> _Directions_
From the records below, set down exactly the lines starting with the line that contains "Après la pandémie, l'intensité" and going on through the line that contains "El 21 de febrero". Nothing else is wanted.

> _Exercise material_
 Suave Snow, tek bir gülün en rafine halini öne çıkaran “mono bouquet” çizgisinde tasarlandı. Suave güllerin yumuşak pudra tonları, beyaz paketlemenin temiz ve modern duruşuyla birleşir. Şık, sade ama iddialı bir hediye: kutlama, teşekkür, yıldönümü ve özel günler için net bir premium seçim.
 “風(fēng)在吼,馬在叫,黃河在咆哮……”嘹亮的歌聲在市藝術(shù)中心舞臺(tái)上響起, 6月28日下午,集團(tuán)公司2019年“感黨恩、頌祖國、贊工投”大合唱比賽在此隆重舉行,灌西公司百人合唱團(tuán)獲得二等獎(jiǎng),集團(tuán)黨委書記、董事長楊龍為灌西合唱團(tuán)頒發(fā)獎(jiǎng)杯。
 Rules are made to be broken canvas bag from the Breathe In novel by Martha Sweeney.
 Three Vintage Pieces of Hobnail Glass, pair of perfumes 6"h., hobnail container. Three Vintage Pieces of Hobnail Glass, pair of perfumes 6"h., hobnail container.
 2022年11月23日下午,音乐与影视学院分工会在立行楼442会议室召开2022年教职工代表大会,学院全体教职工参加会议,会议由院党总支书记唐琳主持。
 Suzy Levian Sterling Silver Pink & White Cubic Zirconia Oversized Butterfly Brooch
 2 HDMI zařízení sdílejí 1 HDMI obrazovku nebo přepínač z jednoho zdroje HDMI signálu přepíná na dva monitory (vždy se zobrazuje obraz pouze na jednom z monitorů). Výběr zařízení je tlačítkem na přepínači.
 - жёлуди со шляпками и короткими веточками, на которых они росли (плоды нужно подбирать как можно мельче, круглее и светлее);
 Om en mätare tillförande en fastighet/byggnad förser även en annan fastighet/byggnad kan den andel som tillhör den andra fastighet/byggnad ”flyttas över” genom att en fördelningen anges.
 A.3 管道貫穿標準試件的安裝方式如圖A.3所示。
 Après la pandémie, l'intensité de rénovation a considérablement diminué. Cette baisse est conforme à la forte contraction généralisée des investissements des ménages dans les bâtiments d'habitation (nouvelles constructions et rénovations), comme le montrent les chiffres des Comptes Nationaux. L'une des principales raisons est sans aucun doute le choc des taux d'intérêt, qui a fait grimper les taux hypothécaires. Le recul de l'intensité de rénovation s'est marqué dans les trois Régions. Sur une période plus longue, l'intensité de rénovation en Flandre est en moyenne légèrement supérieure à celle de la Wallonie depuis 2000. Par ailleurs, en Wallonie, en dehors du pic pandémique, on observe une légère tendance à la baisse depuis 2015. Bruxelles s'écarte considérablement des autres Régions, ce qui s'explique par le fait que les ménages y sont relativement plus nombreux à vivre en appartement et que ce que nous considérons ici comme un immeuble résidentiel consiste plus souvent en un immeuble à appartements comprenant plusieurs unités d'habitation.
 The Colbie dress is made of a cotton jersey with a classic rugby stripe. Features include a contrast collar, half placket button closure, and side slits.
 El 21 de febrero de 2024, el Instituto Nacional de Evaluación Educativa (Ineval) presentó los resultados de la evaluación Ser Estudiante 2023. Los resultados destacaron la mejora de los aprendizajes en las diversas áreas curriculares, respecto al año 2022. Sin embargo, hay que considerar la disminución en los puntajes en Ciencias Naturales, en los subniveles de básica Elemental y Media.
--
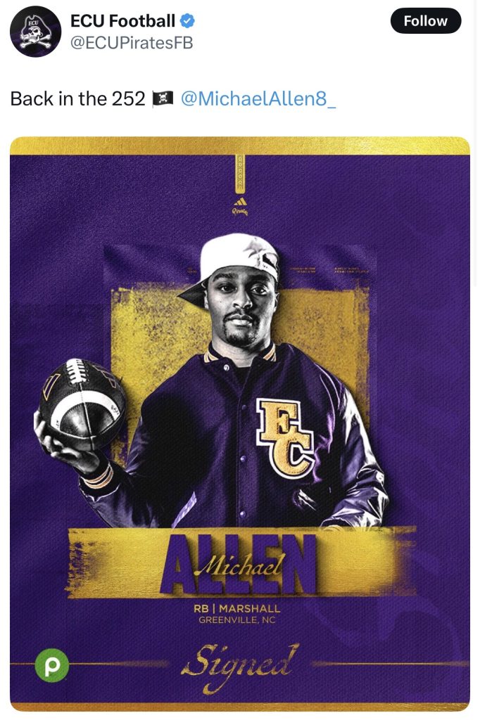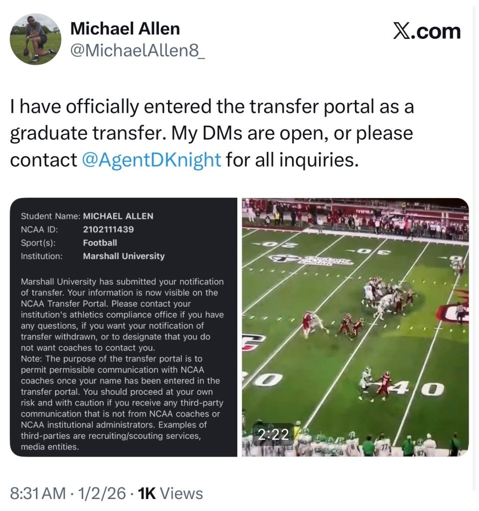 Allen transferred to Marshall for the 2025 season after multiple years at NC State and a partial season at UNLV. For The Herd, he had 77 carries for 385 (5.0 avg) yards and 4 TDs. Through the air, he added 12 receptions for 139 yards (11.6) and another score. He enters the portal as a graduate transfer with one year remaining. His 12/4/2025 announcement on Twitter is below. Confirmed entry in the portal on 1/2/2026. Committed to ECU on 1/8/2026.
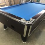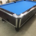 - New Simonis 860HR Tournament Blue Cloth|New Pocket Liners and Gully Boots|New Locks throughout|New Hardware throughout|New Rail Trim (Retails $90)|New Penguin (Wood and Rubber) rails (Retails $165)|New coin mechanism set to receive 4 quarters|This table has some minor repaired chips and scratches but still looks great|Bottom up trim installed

> _Written solution_
 Après la pandémie, l'intensité de rénovation a considérablement diminué. Cette baisse est conforme à la forte contraction généralisée des investissements des ménages dans les bâtiments d'habitation (nouvelles constructions et rénovations), comme le montrent les chiffres des Comptes Nationaux. L'une des principales raisons est sans aucun doute le choc des taux d'intérêt, qui a fait grimper les taux hypothécaires. Le recul de l'intensité de rénovation s'est marqué dans les trois Régions. Sur une période plus longue, l'intensité de rénovation en Flandre est en moyenne légèrement supérieure à celle de la Wallonie depuis 2000. Par ailleurs, en Wallonie, en dehors du pic pandémique, on observe une légère tendance à la baisse depuis 2015. Bruxelles s'écarte considérablement des autres Régions, ce qui s'explique par le fait que les ménages y sont relativement plus nombreux à vivre en appartement et que ce que nous considérons ici comme un immeuble résidentiel consiste plus souvent en un immeuble à appartements comprenant plusieurs unités d'habitation.
 The Colbie dress is made of a cotton jersey with a classic rugby stripe. Features include a contrast collar, half placket button closure, and side slits.
 El 21 de febrero de 2024, el Instituto Nacional de Evaluación Educativa (Ineval) presentó los resultados de la evaluación Ser Estudiante 2023. Los resultados destacaron la mejora de los aprendizajes en las diversas áreas curriculares, respecto al año 2022. Sin embargo, hay que considerar la disminución en los puntajes en Ciencias Naturales, en los subniveles de básica Elemental y Media.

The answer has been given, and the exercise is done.